Ende -- Tak perlu resah dengan kehadiran sejumlah lost di Pasar Potulando Ende Flores NTT yang direncanakan akan dijadikan tempat penjualan daging babi karena lokasi itu akan disteril sehingga tidak mengganggu dengan aktivitas orang lain yang tidak suka terhadap daging tersebut .
Dulu orang Ende Lio sangat menghargai dan menghormat atas perbedaan sebagai bentuk dari wujud toleransi maka pada acara adat atau wurumana yang berkaitan dengan pernikahan atau kematian , mereka hadir meski tahu ada sembeli babi karena mereka memahami hal itu sebagai bentuk tradisi .

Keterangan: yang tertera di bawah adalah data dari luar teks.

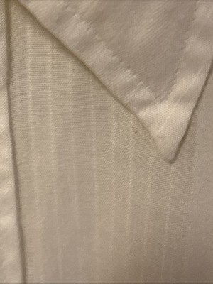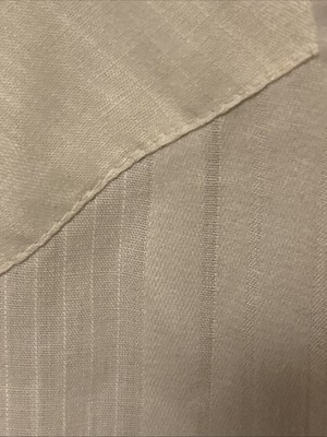 The VTG 70s H Bar C Western Pearl Snap Shirt in Men's XL size is a vintage piece with a classic Western theme. This off-white button-up shirt features a collared neckline, long sleeves with snap closures, and a striped pattern. Made from Permanent Press material, it is machine washable and lightweight with a stretch fit. Perfect for casual wear, this shirt also includes long tails and pockets, adding to its retro charm. The H Bar C brand and United States origin add a unique touch to this timeless piece.
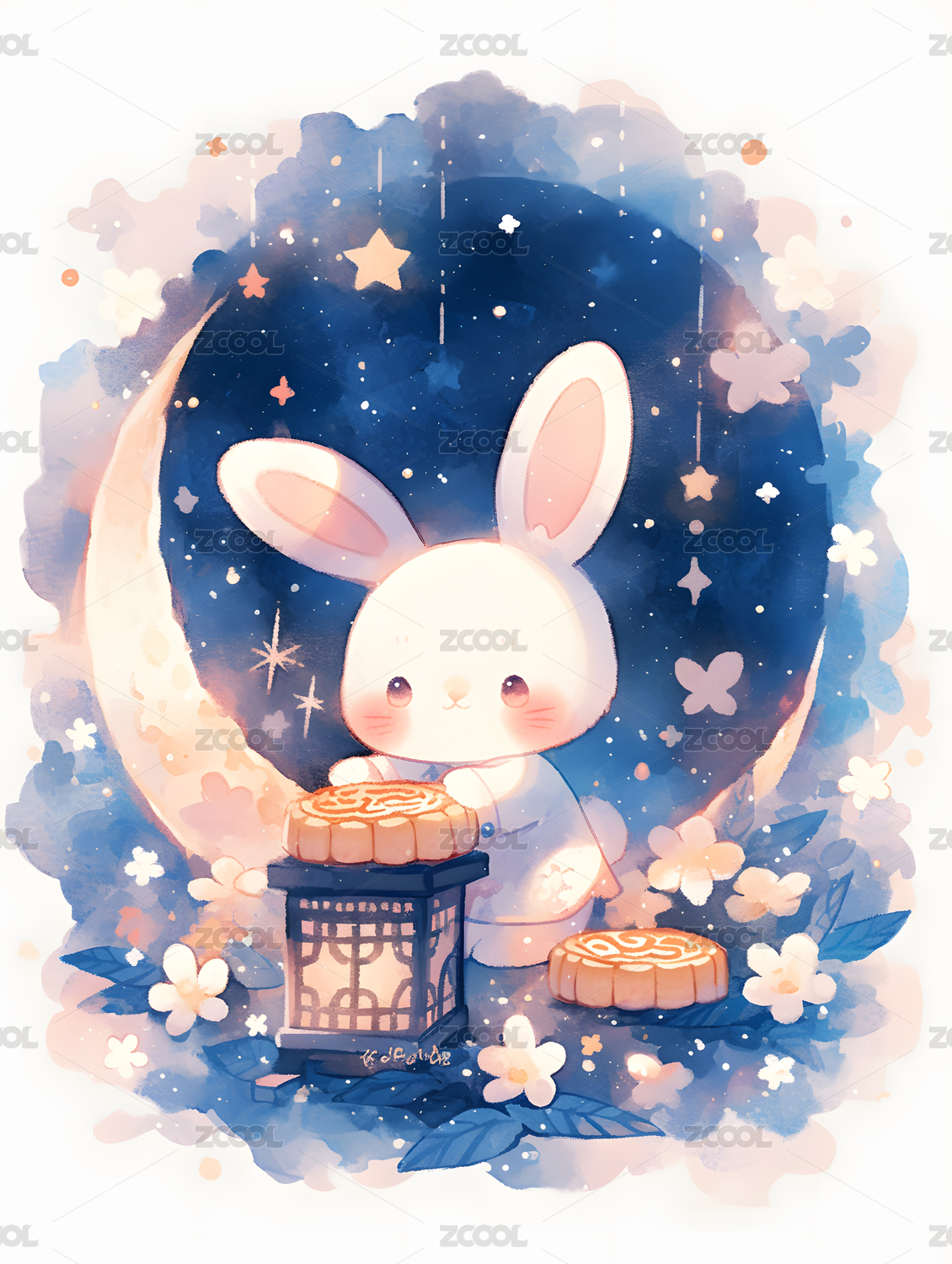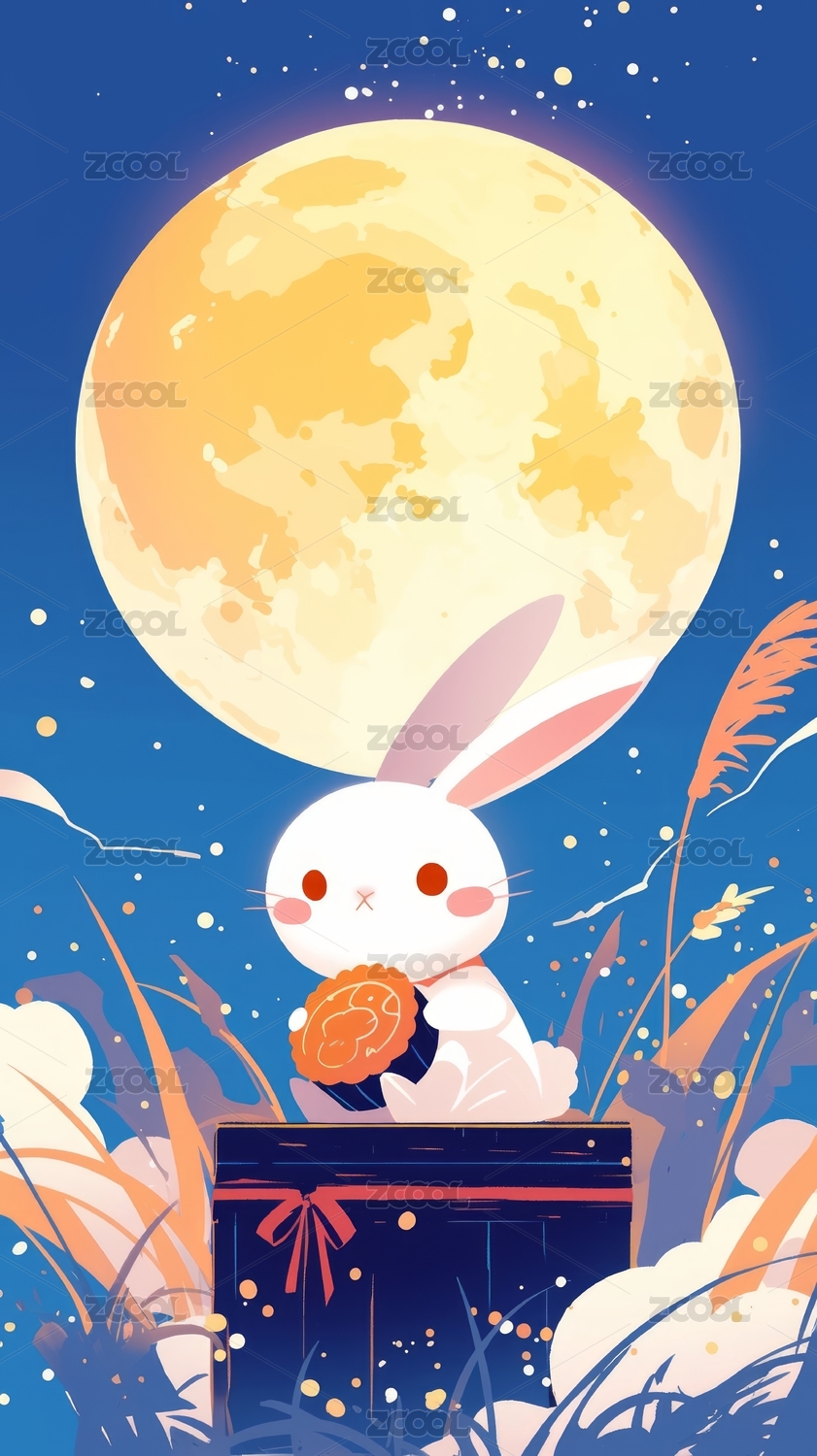 中秋,月亮,兔子,月饼,秋天,中秋节,玉兔,团聚,AIGC202403

Seiring dengan perkembangan zaman rasa persaudaran yang dibangun ratus tahun itu sepertinya mulai terkikis dengan terkontiminasi pengaru dari luar dimana ada yang keberatan terhadap lost pasar yang akan dijadikan tempat penjual daging tersebut .
Pada hal mereka tahu bahwa pasar itu bukan berazas agama , produk dan jasa yang dijual tidak harus sesuai dengan prinsip - prinsip agama tertentu ,dan pembeli serta penjual dapat melakukan transaksi tanpa harus mempertimbang aspek agama . Contohnya , pasar yang menjual berbagai jenis makanan tidak halal.
Pasar itu tempat pertemuan antara pembeli dan penjual yang tanpa membedakan suku , ras dan agama dimana siapa saja bisa bertemu di pasar untuk berbelanja sesuai dengan kebutuhan yang diinginkan dan tidak ada orang yang melarang pasar itu tidak boleh menjual daging babi .
Pasar itu dibangun bukan berdasarkan azas agama tapi asaz kebersamaan yang memberi ruang yang sama kepada anak bangsa yang berjiwa pedagang untuk menjual barang dagangnya , terkecuali barang terlarang yang tidak diijin oleh undang - undang karena hal itu melawan hukum .Maka diharapkan kepada semua pihak untuk bisa memahami bahwa Pasar Potulando Bukan Berazas Agama tapi Berazas Kebersaman yang memberi ruang yang sama kepada anak bangsa untuk berdagang.